VMware Cloud Community
fletch00
Enthusiast
Enthusiast

Solaris 10 64 bit VM bad_set_user_regs panic (and other Sol10 issues!)

Hi all, last night one of our Solaris 10 U4 (latest kernel 127112-07) 64 bit VMs paniced with:

genunix: http://ID 726438 kern.notice bad_set_user_regs: rp=fffffe80000adac0 rp->r_cs=ffffffff81baa000; how did that happen?

The only other reference I have found to this was a VMWare user's post to the SunManager list saying booting into 32 bit mode solved it for him.

has anyone else experienced this or the other issues I'm having with Solaris 10 in VM?

1) The VM will record SCSI timeout disconnects under high IO (this is a sendmail/spamassassin/mailman server) and basically hang until someone reboots it. (Have since reduced the IO by eliminating backup traffic and installing local DNS caching server) - the VM has crashed this way on netapp NFS datastore and recently on local 10K RPM local disk

2) When fully patched with Sun recommended patches (using PCA - "patch check advanced") the VM will not boot past "configuring devices" - its a brick (I had to revert to a pre-patched snapshot)

3) The VM (stock sol10 U4) will not boot at all on Dell 1950 dual Quad core E5440 (gets into reboot cycle / loop after the grub menu) - I had to selectively apply just the kernel patch to get it to boot - applying more patches caused issue #2

4) now these kernel panics - I've had a Sun GOLD support case opened for 3 days on this at sev1 critical/down and had no reponse from Sun (just escalated to mgr now) - I've had a VMWare gold case opened since 5 days ago and had no better progress.

I am seriously thinking of moving to Centos 5 VM for this server!

Any insight/feedback welcome

thanks

VCP5 VSP5 VTSP5 vExpert http://vmadmin.info
0 Kudos
9 Replies
fletch00
Enthusiast
Enthusiast

Forgot to mention this is ESX 3.0.2 61618

(I am testing VC 2.5 and ESX 3.5 now)

thanks

VCP5 VSP5 VTSP5 vExpert http://vmadmin.info
0 Kudos
fletch00
Enthusiast
Enthusiast

although somewhat dated - this is an interesting history of the MPT issues with solaris:

http://wotho.ethz.ch/ESX_solaris/Install_Solaris_on_ESX.html

VCP5 VSP5 VTSP5 vExpert http://vmadmin.info
0 Kudos
mikepodoherty
Expert
Expert

Hmm, Your experience is the opposite of what I've experienced. We have Solaris 10 x86 64 support oracle 10g on IBM LS20 blades and with the exception of an issue with automatic failover for the SAN, they haven't hadd problems. We are currently installtion patch cluster for January and the January Oracle patches with no issues.

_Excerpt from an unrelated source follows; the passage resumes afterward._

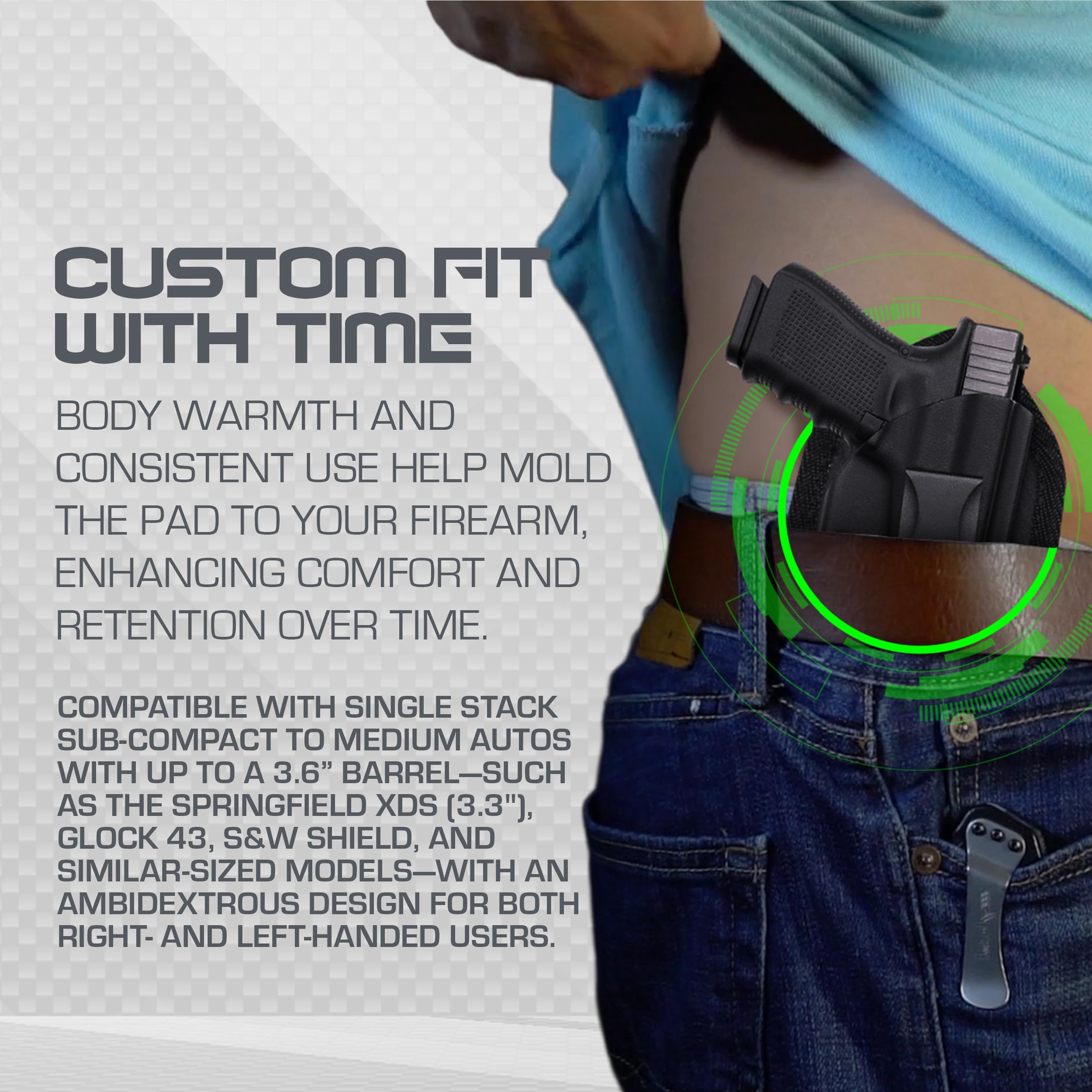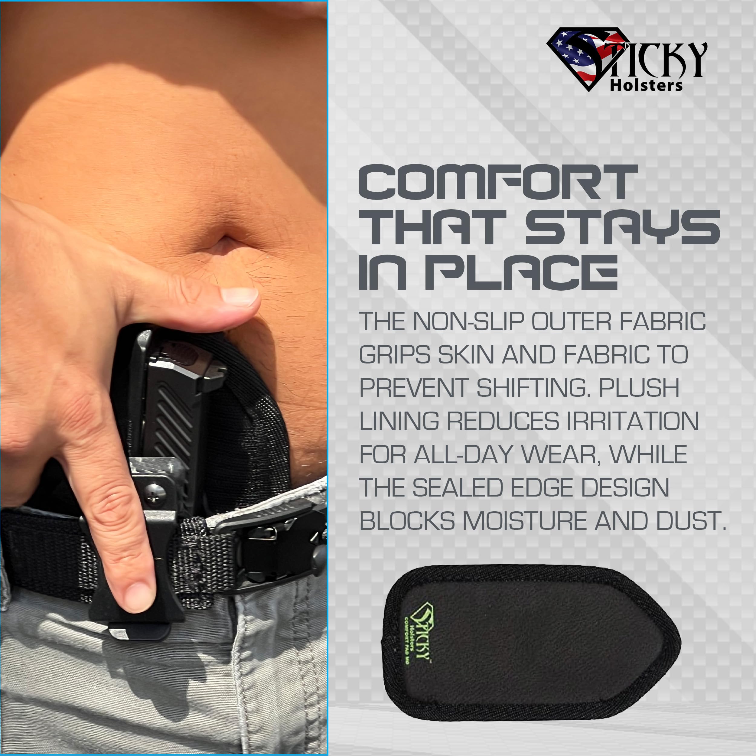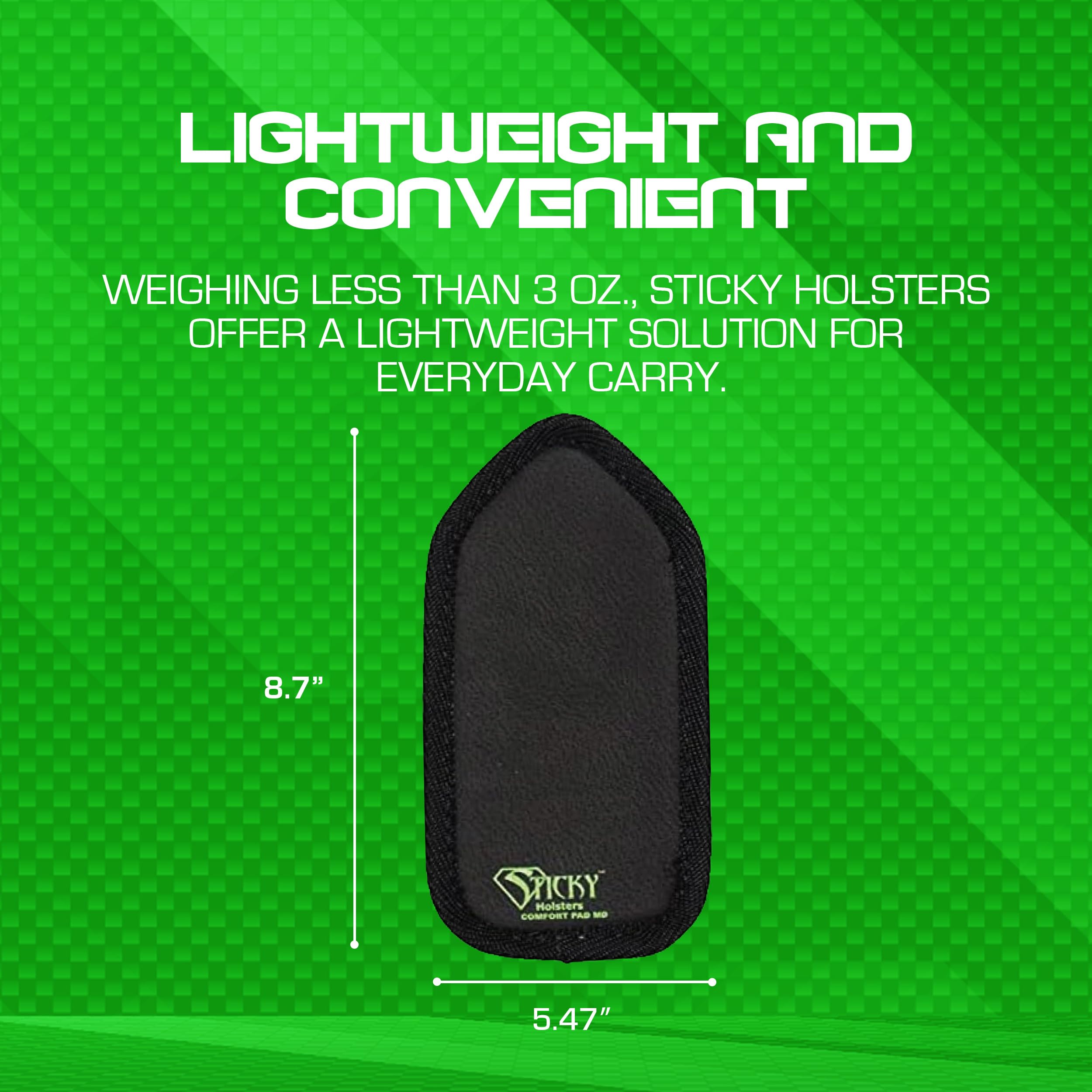 Enhance your holster experience with the Sticky Holsters Comfort Pad, the perfect aftermarket accessory for your hard plastic or Kydex holsters. Designed for those who prioritize comfort, this medium-sized pad ensures a perfect fit, providing optimal comfort during use. The Comfort Pad is easy to attach, thanks to its hook and loop design, offering a secure and reliable fit. Its durable construction ensures long-lasting performance, making it a valuable addition to your holster setup. Whether you're on the move or stationary, this pad is designed to improve holster comfort and usability, making it a must-have for holster enthusiasts.

Getting support from SUN for virtual Solaris servers has been problematic and since we bought VMware from IBM, IBM has been the provider of support for VMware. Moreover, IBM has helped track down the issue with SAN failover - possibly because the SAN is an IBM DS4000 series.

I know I posted the fix for the automatic failover issue in the community.

I don't use the Sun Management Console - I prefer the KDE console and use Webmin if I need a graphic interface.

Can't help on the problems you decsribed but did want to answer you on what my experience has been.

Mike

0 Kudos
fletch00
Enthusiast
Enthusiast

I've isolated the patch that makes the VM no boot: 125082-14 SunOS 5.10_x86: mpt driver patch

I applied it to a test VM (after taking a pre-patch snapshot) and on reboot it hung at "configuring devices"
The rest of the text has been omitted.